= Craniomandibular osteopathy =

Skeletal disease in dogs

Craniomandibular osteopathy, also known as lion's jaw, is a developmental disease in dogs causing extensive bony changes in the mandible and skull. In this disease, a cyclical resorption of normal bone and replacement by immature bone occurs along the inner and outer surfaces of the affected bones. It usually occurs between the ages of 3 and 6 months. Breeds most commonly affected include the West Highland White Terrier, Scottish Terrier, Cairn Terrier, and Boston Terrier. It is rare in large-breed dogs, but it has been reported.
==Causes==
Craniomandibular osteopathy is an inherited disease, and has been recognised as an autosomal recessive trait of the West Highland White Terrier. Canine distemper has also been indicated as a possible cause, as has E. coli infection, which could be why it is seen occasionally in large-breed dogs.
==Signs and symptoms==
Common clinical signs include lethargy, anorexia, and mild pyrexia. Specific symptoms are the enlargement of the mandibular lymph nodes and atrophy of the temporalis muscle. The disease limits the ability of the dog to open its mouth, leading to anorexia and adipsia, which in turn leads to dehydration and emaciation.
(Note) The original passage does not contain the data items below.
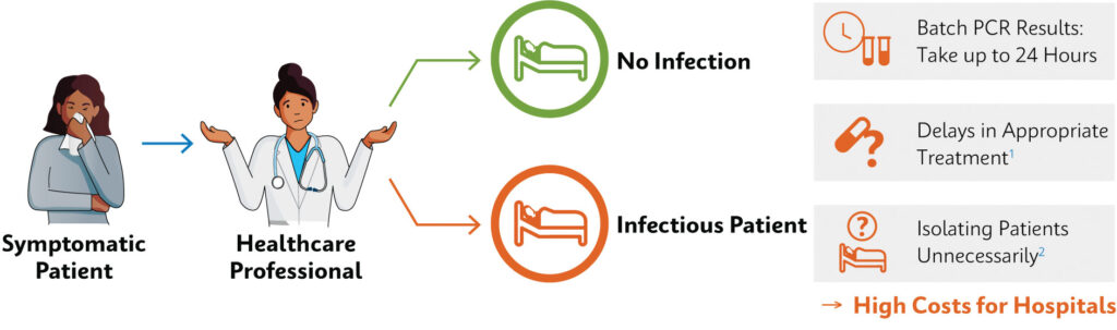 2 Hinson J, et al. Targeted rapid testing for SARS-CoV-2 in the emergency department is associated with large reductions in uninfected patient exposure time. The Journal of Hospital Infection. 2020 Oct;107:35-39.
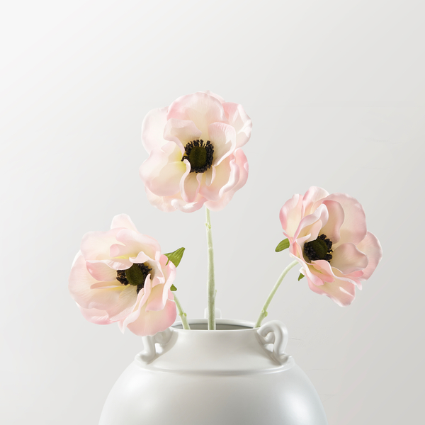 Add a romantic touch to your decor with these blush-hued Anemone stems. Their soft tones and realistic design bring timeless beauty to any arrangement.DETAILS AND DIMENSIONSFaux - PolysterBlushSet of 321"HImported
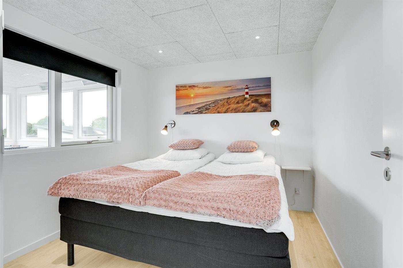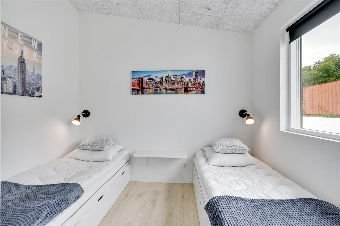 Der er i alt 4 soveværelser. Sovepladserne fordeler sig på: 4 sovepladser i dobbeltsenge. 4 sovepladser i enkeltsenge. 2 sovepladser på madrasser. 2 af disse sovepladser befinder sig på husets hems. Derudover er der 1 stk. barneseng.
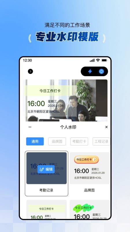 2、在水印列表的【考勤打卡】分类下,找到想要使用的水印模板,点击编辑按钮进入自定义设置页面。
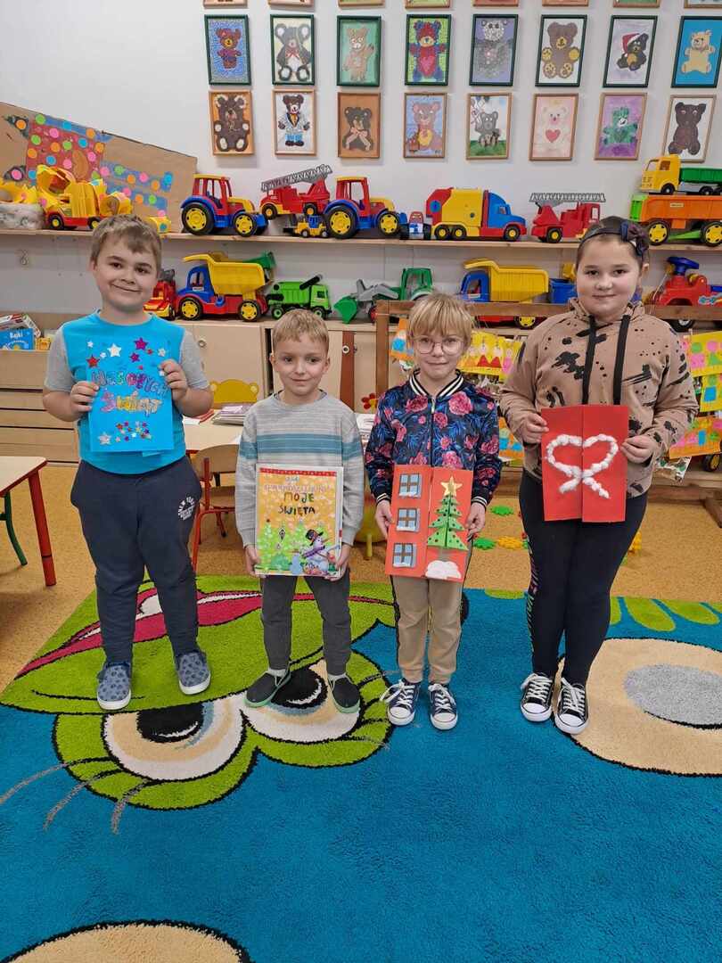 Uczestnicy świątecznego konkursu to dzieci z oddziałów przedszkolnych i klas I-III. Gratulujemy wszystkim uczestnikom konkursu za przepięknie wykonane prace, w których dzieci wykazały się ogromną kreatywnością, włożyły w nie wiele wysiłku, a także pochwaliły się znajomością tradycji i zwyczajów Bożonarodzeniowych. W związku z tym, iż wszystkie prace konkursowe są tak piękne i tak różnorodne, komisja konkursowa, w składzie: p. Emila Chmielewska, p. Elżbieta Olczyk, p. Anna Karczemska, postanowiła przyznać wszystkim uczestnikom nagrody książkowe oraz pamiątkowe dyplomy.

==Calvarial hyperostotic syndrome==
A similar disease seen in young Bullmastiffs is known as calvarial hyperostotic syndrome. It is also similar to human infantile cortical hyperostosis. It is characterized by irregular, progressive bony proliferation and thickening of the cortical bone of the calvaria, which is part of the skull. Asymmetry of the lesions may occur, which makes it different from craniomandibular osteopathy. Symptoms include painful swelling of the skull, fever, and lymph node swelling. In most cases it is self-limiting.